Healthcare providers are constantly looking for talented, driven individuals to work in a variety of positions ranging from Human Resources to finance, to entry-level call center jobs providing customer support. People with managerial and accounting experience will become increasingly valued as the workforce grows and inevitable changes to the healthcare system result in more complex billing.
It's projected within the next year that 33 percent of all healthcare organizations will be turning to contract employees to provide various services. This news bodes well for job seekers employed by professional recruiting agencies.
The fact that most of the best paying jobs in America are found in the healthcare industry is heartening, especially to those whose chosen career pursuit comes not from a desire to make a financial killing, but the desire to make a difference in people's lives. Within the healthcare industry there are a number of well-paying healthcare career options that don't require the kind of extensive medical education required of doctors.
Of the highest paid jobs in this category, registered nurses rank the highest with an average hourly pay nearing $32. Following RN's, licensed vocational nurses (LPN's) earn an average hourly wage of $17.50. Dental assistants and medical secretaries follow suit, bringing in an average hourly pay of $14.50 and $13.50, respectively.
Hospitals, doctors' offices and other healthcare organizations regularly select employees in these fields from pools of applicants provided to them by professional staffing agencies and recruiters.
Despite recent economic downturns and questions about the future of healthcare in the United States, career opportunities in healthcare are expected to continue to grow, and will account for nearly one out of every five new jobs in the next ten years.
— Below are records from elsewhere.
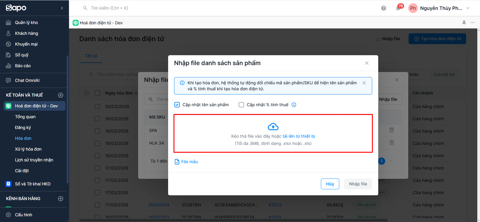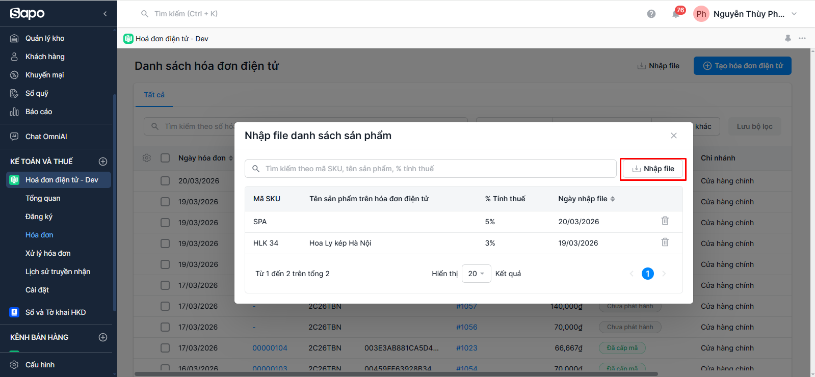 - Sau khi đã file dữ liệu hoàn tất tải lên, bạn nhấn nút Nhập file. Hệ thống hiển thị thông báo Nhập file hóa đơn thành công, dữ liệu sẽ được xử lý và thông báo về email bạn đã đăng ký trên phần mềm Sapo OmniAI.
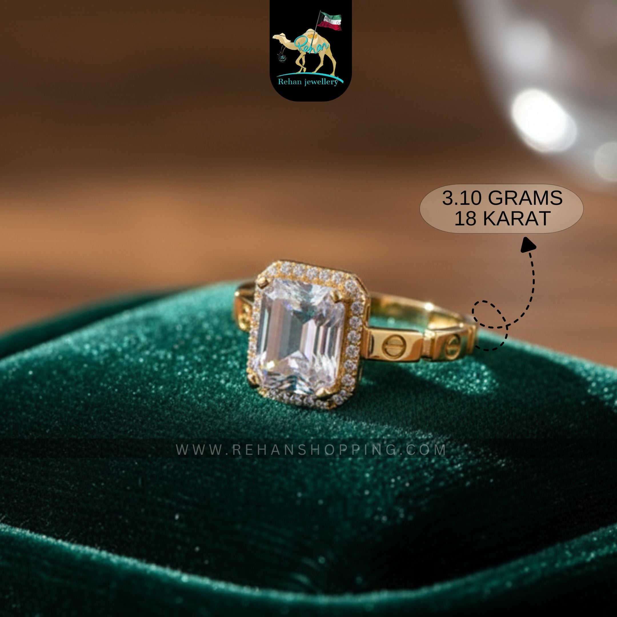 Elevate your elegance with this 18 Karat Gold Emerald-Cut Solitaire Ring by Rehan Jewellery. Weighing 3.10 grams of pure 18K gold, this masterpiece showcases a radiant emerald-cut stone surrounded by a halo of sparkling accents, set on a bold engraved gold band. Perfect for engagements, anniversaries, weddings, or as a timeless statement ring, this design blends modern craftsmanship with classic sophistication.
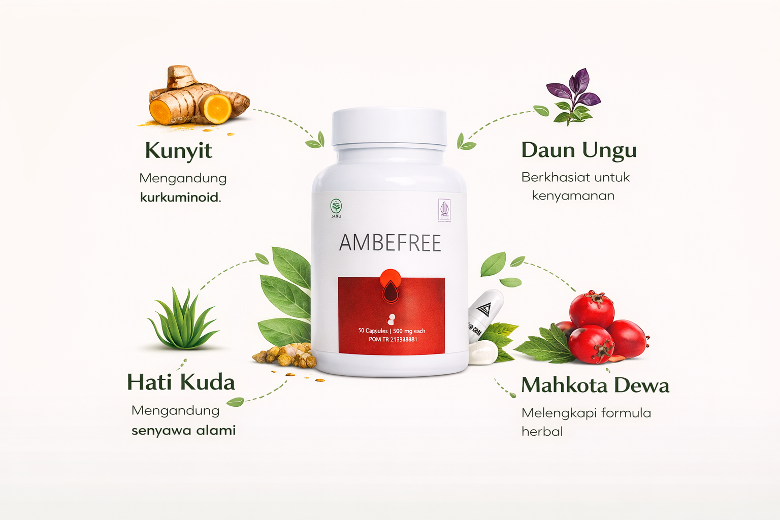 Ambefree adalah obat ambeien alami berbahan herbal tradisional yang diformulasikan khusus untuk membantu meredakan gejala ambeien seperti nyeri, bengkak, gatal, hingga BAB berdarah. Dirancang dari herbal pilihan yang bekerja membantu mengurangi peradangan dan memberikan rasa nyaman pada area anus.
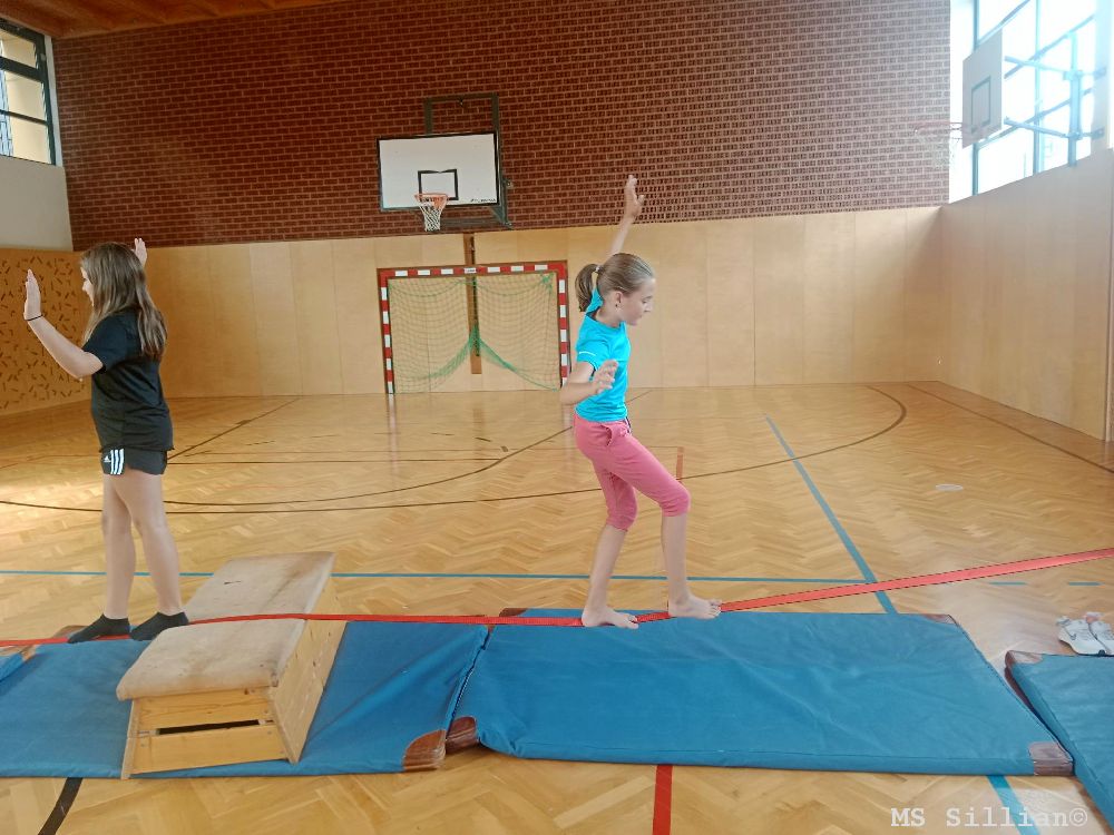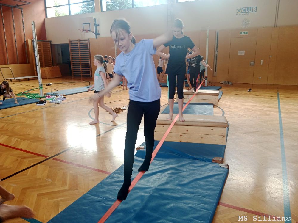 Unter der Anleitung von Profi-Slacklinerin Katharina Ortner aus Sillian konnten die SchülerInnen erste Erfahrungen in dieser Sportart erleben. Beim Slacklinen balanciert man auf einem Band, das zwischen zwei Fixpunkten (meistens Bäume) gespannt ist.
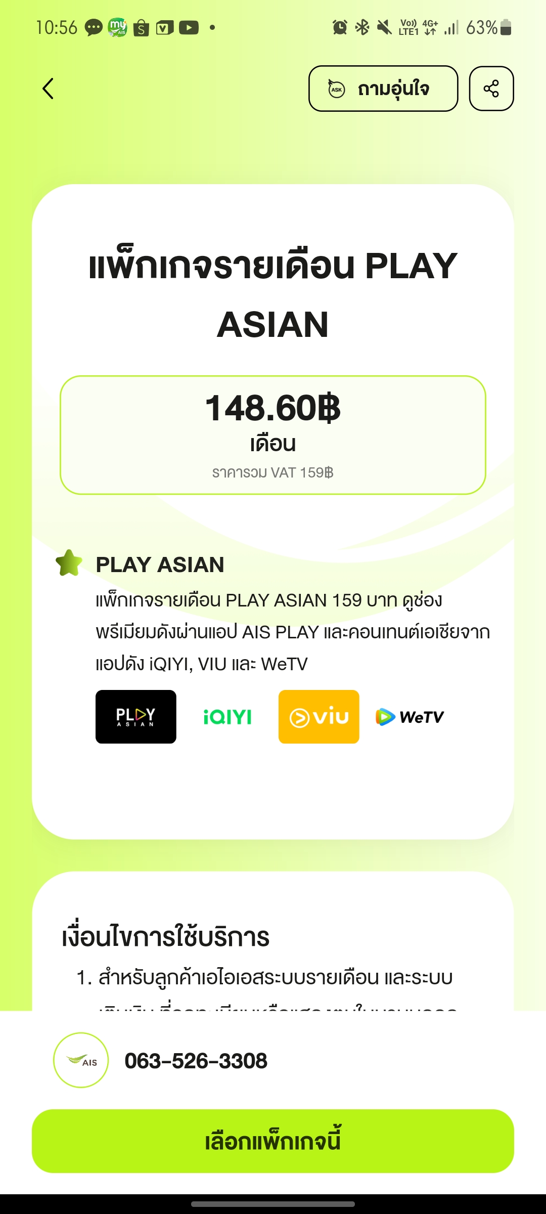ทำไมสมัครแพ็คเกจ AIS Play Asian รายเดือน ไม่ได้ กด *678*159#
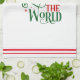 Holiday kitchen towel is shown in a festive Joy to the world print design.
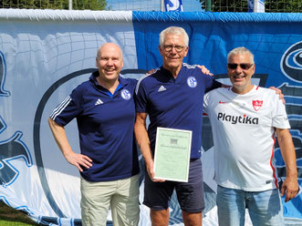 Mathias Schipper (ehemaliger Fußballspieler beim FC Schalke 04 und aktuell im Traditionsteam am Start) war bereits zum dritten Mal beim Sommerfest dabei. Er wurde Ehrenmitglied in unserem Fanclub und moderierte zusammen mit Gaga dieses Jahr unsere Veranstaltung 🎤
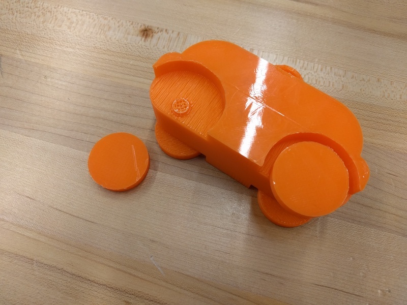 So, a second iteration was made. This version had much more space around both the wheel and axle, but the wheels were still about as thick as the wheel wells. Not a terrible plan but, without supports between the wheels and car bodies, the inside of wheels that printed on top were ‘stringy’ and thus jammed up the car. So, on to revision three.

Some of that is attributed to the fact that as people live longer, their dependency on medicine and medical procedures will increase. But it's also known that as advances in technology are made, their complex nature will require the addition of qualified individuals to carry out their functions. Additionally, the surge in popularity of “green living” will likely result in the creation of many new jobs to focus on the environmental efficiency of healthcare corporations.
Many healthcare employers contract professional staffing agencies to fill positions as they're made available. As the need for qualified healthcare workers continues to rise, so will the role of recruiters in pairing healthcare organizations with qualified candidates.
Possibly the best news for anyone looking for a career in healthcare is that having an M.D. isn't a prerequisite for landing a hot job. The fact is, the healthcare industry is so diverse that it requires people of all skills and education levels.
Two hot healthcare careers to consider are:
One of the lesser-known careers in healthcare is that of the medical illustrator, an occupation that's unique in combining artistic ability, knowledge of the human anatomy and an intrinsic understanding of complex medical and surgical procedures. Medical illustrators nowadays utilize graphic design software to create visual representations of the human anatomy for use in textbooks, training materials, informational pamphlets, medical exhibits and even courtroom proceedings. Earning potential ranges widely depending on the level of education. A medical illustrator can earn anywhere from $33,000 - $60,000.
Despite the fact that the field is extremely small and competition is high, future employment opportunities for individuals interested in pursuing this highly specialized, detail-oriented career continue to grow. The potential difficulty in finding employment is countered by the existence of professional recruiting firms whose main focus is in the placement of qualified medical professionals, from entry level to specific areas of expertise.